:: Task goal ::
Write out only the lines from the start of the entries up to and including the line with "Moore - Camel and ecru sweater with a logo"; please skip the pictures.

:: Data provided ::
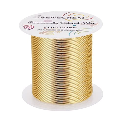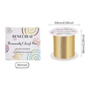 BENECREAT Fio de cobre para joias Especificação: Espessura: calibre 24/0,5 mm Comprimento: 80 m/87 jardas Cor: Ouro claro Características: Fio de cobre resistente a manchas Perfeito para fazer anéis, brincos, pulseiras e colares, joias de embrulho de arame, corrente de contas ou qualquer projeto de artesanato! - ?Flexibilidade?: O fio de cobre macio é moldável e flexível, fácil de moldar ou dobrar, boa qualidade para uso. - ?Medida?: O fio da joia tem 0,5 mm/calibre 24 de diâmetro, 80 m/87 jardas de comprimento por carretel. - ?Colorido permanente?: Cor dourada clara; revestimento resistente a manchas, colorido permanentemente esmaltado. - ?Uso amplo?: Ótimo para fazer componentes de joias, como corrente de malha, corrente com contas, argolas, fones de ouvido e pingentes embrulhados em arame. - ?Pacote de carretel conveniente?: Este fio de artesanato é embalado com um carretel resistente que é conveniente para retirar o fio de metal e mantê-lo organizado sem bagunça.
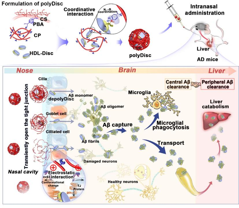 近年,FDA连续获批Aducanumab和Lecanemab两种Aβ抗体用于阿尔茨海默症(AD)早期治疗,但临床收益仍受限于Aβ中枢代谢水平低和脑出血/水肿等不良反应。丁杨/张华清/周建平团队研发了一种“Aβ类抗体药物“盘状高密度脂蛋白HDL-Disc(Aβ亲和力水平比Aducanumab高3.7倍),并与糖基促渗聚合物定向组装成polyDisc。经鼻给药后,促渗聚合物可逆开启黏膜屏障,HDL-Disc利用脑内外转运特性富集入脑,定向捕获Aβ靶向至小胶质细胞完成高效中枢清除;此外,通过淋巴外排入血富集肝脏增效外周代谢活性,实现中枢协同外周的Aβ高效代谢。本研究创新性提出了中枢协同外周Aβ系统代谢疗法,阐明了“Aβ类抗体”HDL-Disc特殊的“鼻→脑→血→肝”转运路径,增效Aβ清除的同时有效减轻中枢负荷,提高治疗安全性,为Aβ代谢依赖的AD临床治疗提供了新思路、新方案和新技术。
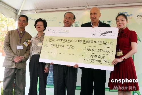 香港郵政將發售限量版大熊貓掌印及郵票珍藏紀念郵品籌得的一百三十多萬港幣轉贈給香港海洋公園保育基金,以支持重建四川大熊貓基地設施。中新社發 武仲林 攝
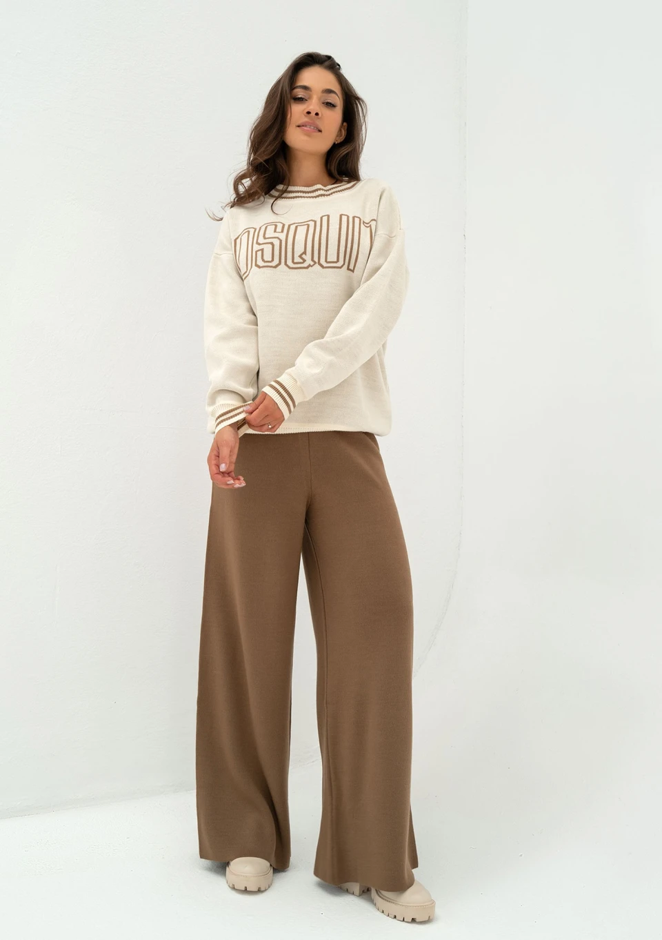 Moore - Camel and ecru sweater with a logo
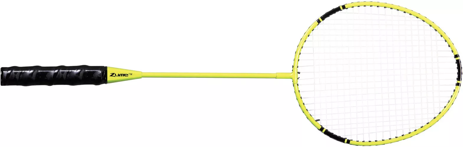 Get competitive at your next outdoor party with the Zume Games® Badminton Set. Perfect for backyard bashes or beach parties, this badminton set is highly portable and easy to set up anywhere. Featuring a regulation height net, it can be set up on any surface without tools or stakes. It’s equipped with 4 rackets for doubles or singles play. The 2 shuttlecocks ensure that you’ll always be ready to play. Take it on-the-go in its carrying case.
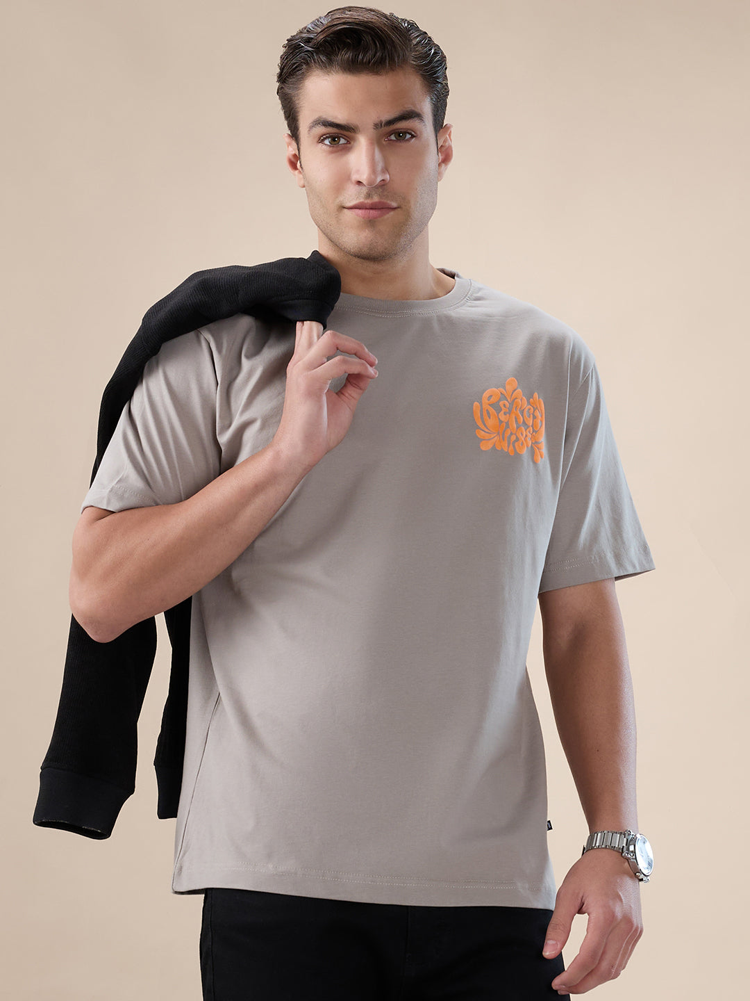 CEMENT Men's Graphic Print Round Neck Half Sleeves Oversized T-shirt
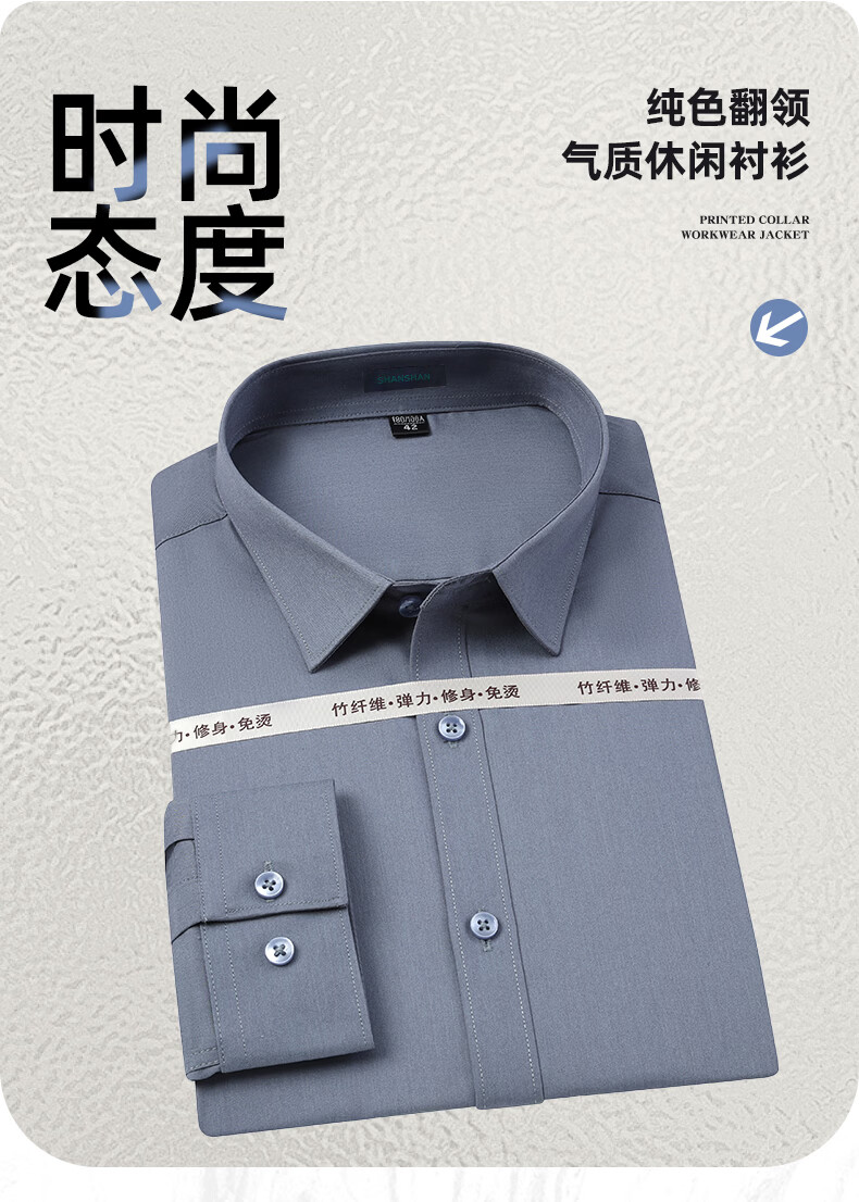 SHANSHAN杉杉【200DP免烫】衬衫男长袖春季高端舒适纯棉正装打底上衣 白色 38
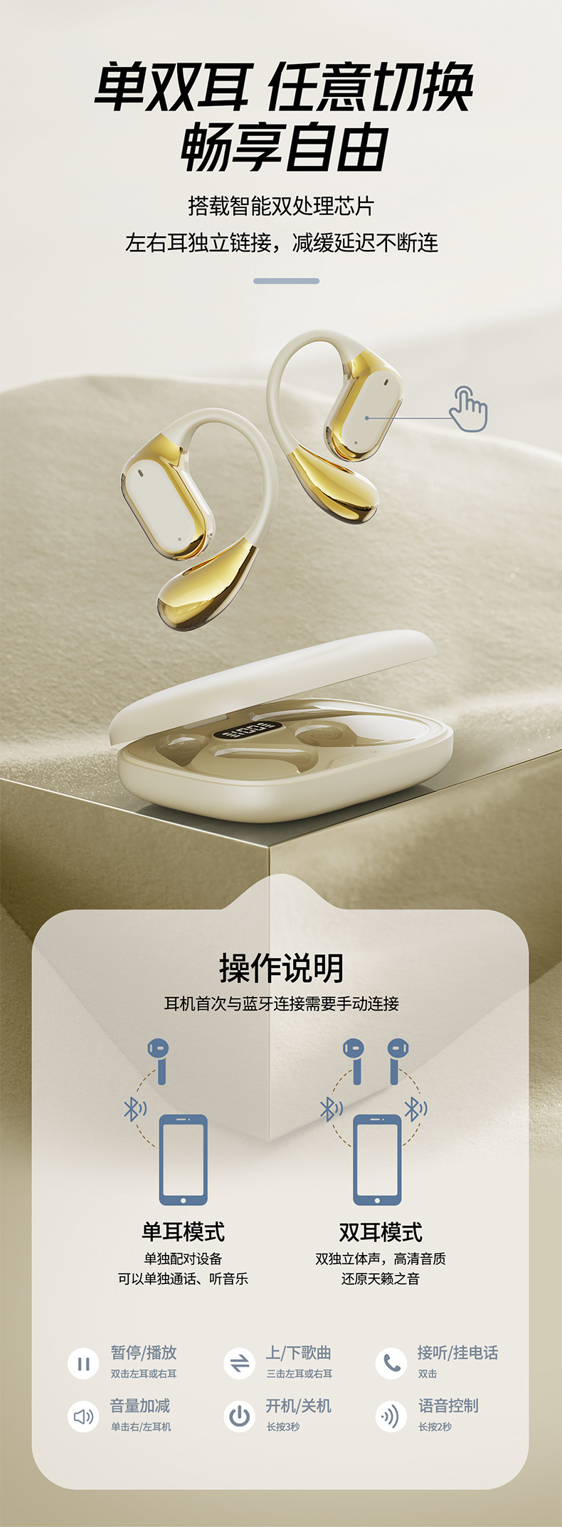 신제품 Q11 귀걸이형 블루투스 헤드셋 오픈형 비인이어 초선명 음성 통화 스마트 터치 헤드셋
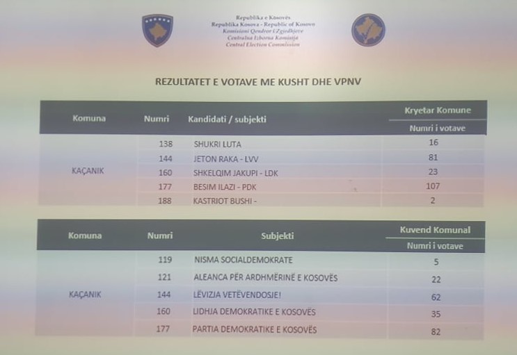 Nga këto vota prin kandidati i Partisë Demokratike e Kosovës, Besim Ilazi, doli i pari me 107 vota.
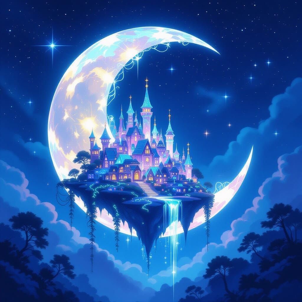 A luminous crystal moon hosts a glowing village, with shimmering vines cascading down. This fantasy digital painting features vibrant colors and dramatic lighting.
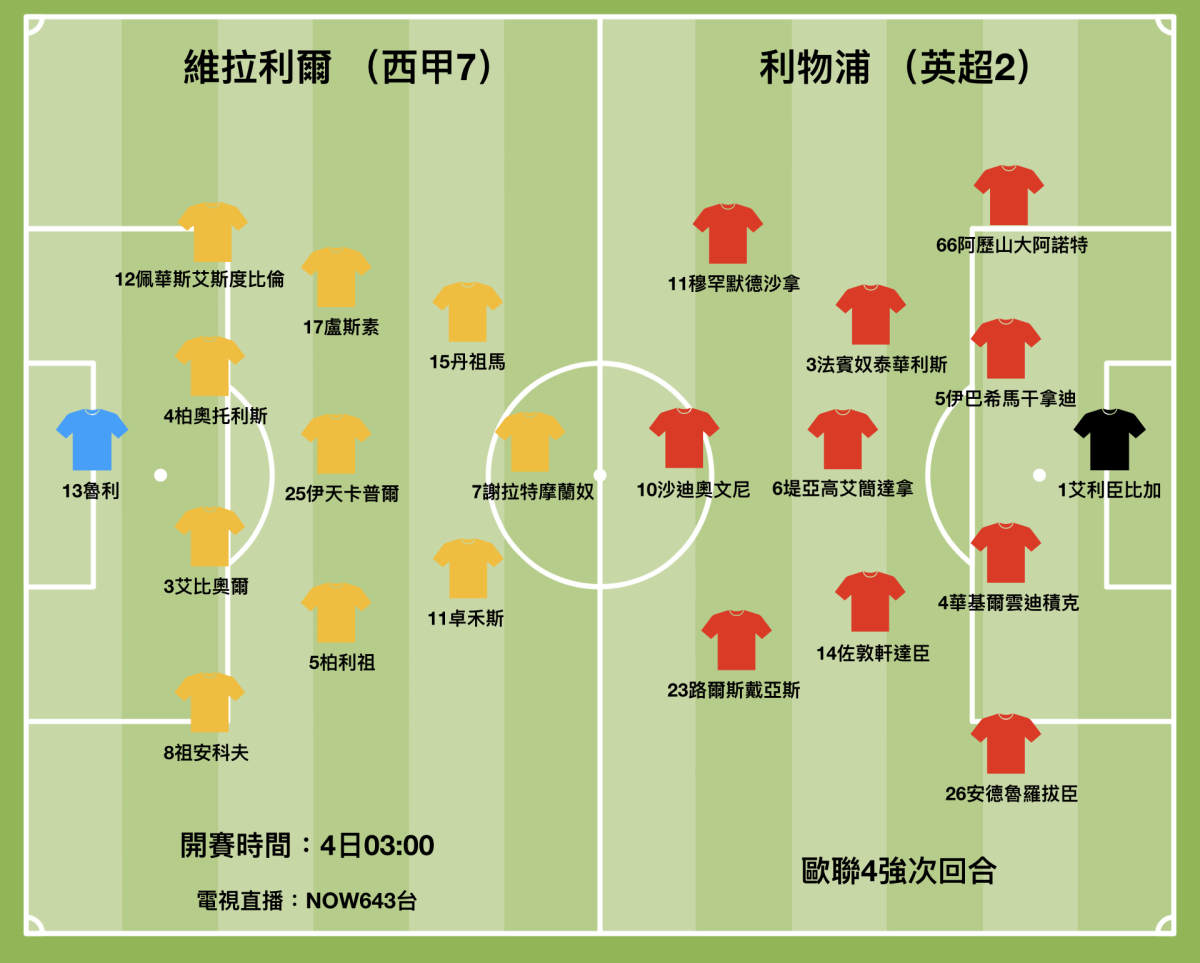 利物浦上仗憑佐敦軒達臣的幸運入波打開紀錄,沙迪奧文尼錦上添花完成2:0的勝仗。如果說比分和過程有幸運成份,那麼利物浦上仗與維拉利爾射門次數達到19:1之差,已控球率出現74%對26%的分野,都已經充份反映兩隊實力的分野。事實上,利物浦尚未用盡麾下進攻球員,已經綽綽有餘贏波,今仗路爾斯戴亞斯、沙迪奧文尼與穆罕默德沙拿勢率先掛帥爭取入波,迪亞高祖達、羅拔圖法明奴與奧歷治都能夠提供強大的支援,以他們高點迫搶的效率,利物浦仍然會控制今仗比賽節奏。
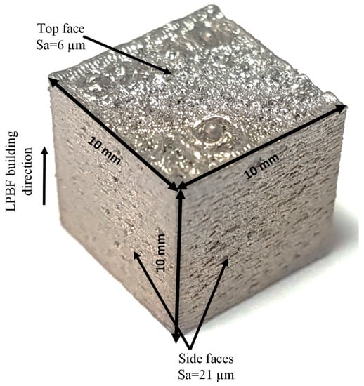 The LPBF technique was used to create an SS 316L component with a size of 10 × 10 × 10 mm3. Layer thicknesses (LTs) were varied across the four samples that were created. The SS 316L powder (Maher, Sheffield, UK) had spherical grains that ranged in size from 15 to 45 μm. Table 1 displays the elements that compose the 316L SS powder. The LPBF machine used was a Renishaw UK AM250 type from Gloucester, UK, which utilized a laser-pulsed beam with a power output of 200 W. The unit had a build volume capacity of 250 × 250 × 300 mm3 and a laser beam diameter of 70 × 5 μm. When performing LPBF, the scan approach employed was called “Meander”, and it involved a layer-by-layer rotation of 67 degrees in the scan direction [52]. The build platform was preheated to 170 °C, in accordance with the manufacturer-recommended standard build procedure, and all builds were fabricated under an Argon atmosphere with an oxygen level below 0.1%. The LPBF’s actual manufactured component is displayed in Figure 1. Table 2 contains the LPBF parameters that were chosen based on previous investigations [30,52]. To examine the effect of layer thickness alone on machining, the energy density was held constant by varying the exposure time in accordance with Equation (1):
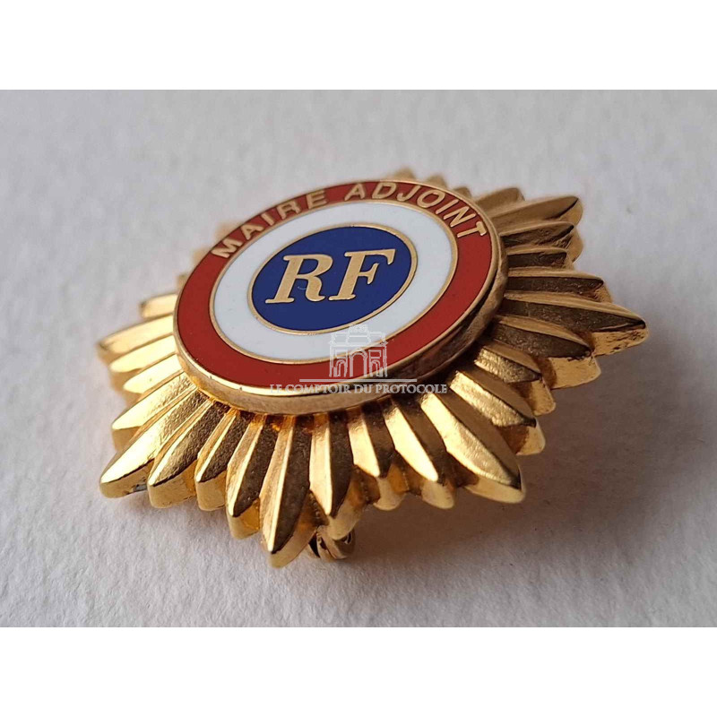 Il est constitué d'une cocarde tricolore, sur laquelle se trouvent les mentions "RF" et "Maire Adjoint" en métal doré.
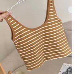 【khaefashion】BR188 Atasan Tanktop Bra Wanita Singlet Motif Garis Salur Crop Pakaian Dalam Santai - Kuning
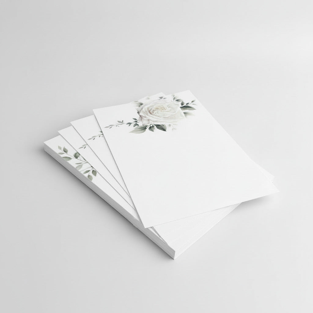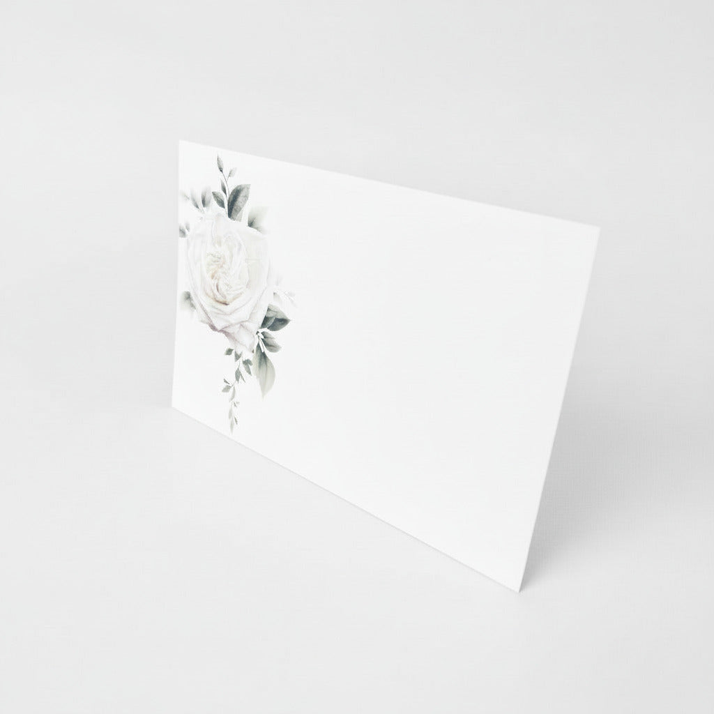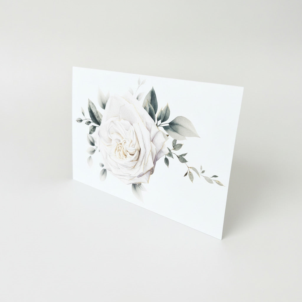 Begravningskort vit ros i akvarell - 10,5 x 14,5cm
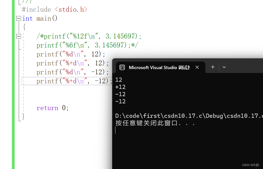 默认情况下,printf()不对正数显示+号,只对负数显示-号。如果想让整数也输出+号,可以让占位符%后面加一个+号。

:: Written solution ::
 BENECREAT Fio de cobre para joias Especificação: Espessura: calibre 24/0,5 mm Comprimento: 80 m/87 jardas Cor: Ouro claro Características: Fio de cobre resistente a manchas Perfeito para fazer anéis, brincos, pulseiras e colares, joias de embrulho de arame, corrente de contas ou qualquer projeto de artesanato! - ?Flexibilidade?: O fio de cobre macio é moldável e flexível, fácil de moldar ou dobrar, boa qualidade para uso. - ?Medida?: O fio da joia tem 0,5 mm/calibre 24 de diâmetro, 80 m/87 jardas de comprimento por carretel. - ?Colorido permanente?: Cor dourada clara; revestimento resistente a manchas, colorido permanentemente esmaltado. - ?Uso amplo?: Ótimo para fazer componentes de joias, como corrente de malha, corrente com contas, argolas, fones de ouvido e pingentes embrulhados em arame. - ?Pacote de carretel conveniente?: Este fio de artesanato é embalado com um carretel resistente que é conveniente para retirar o fio de metal e mantê-lo organizado sem bagunça.
 近年,FDA连续获批Aducanumab和Lecanemab两种Aβ抗体用于阿尔茨海默症(AD)早期治疗,但临床收益仍受限于Aβ中枢代谢水平低和脑出血/水肿等不良反应。丁杨/张华清/周建平团队研发了一种“Aβ类抗体药物“盘状高密度脂蛋白HDL-Disc(Aβ亲和力水平比Aducanumab高3.7倍),并与糖基促渗聚合物定向组装成polyDisc。经鼻给药后,促渗聚合物可逆开启黏膜屏障,HDL-Disc利用脑内外转运特性富集入脑,定向捕获Aβ靶向至小胶质细胞完成高效中枢清除;此外,通过淋巴外排入血富集肝脏增效外周代谢活性,实现中枢协同外周的Aβ高效代谢。本研究创新性提出了中枢协同外周Aβ系统代谢疗法,阐明了“Aβ类抗体”HDL-Disc特殊的“鼻→脑→血→肝”转运路径,增效Aβ清除的同时有效减轻中枢负荷,提高治疗安全性,为Aβ代谢依赖的AD临床治疗提供了新思路、新方案和新技术。
 香港郵政將發售限量版大熊貓掌印及郵票珍藏紀念郵品籌得的一百三十多萬港幣轉贈給香港海洋公園保育基金,以支持重建四川大熊貓基地設施。中新社發 武仲林 攝
 Moore - Camel and ecru sweater with a logo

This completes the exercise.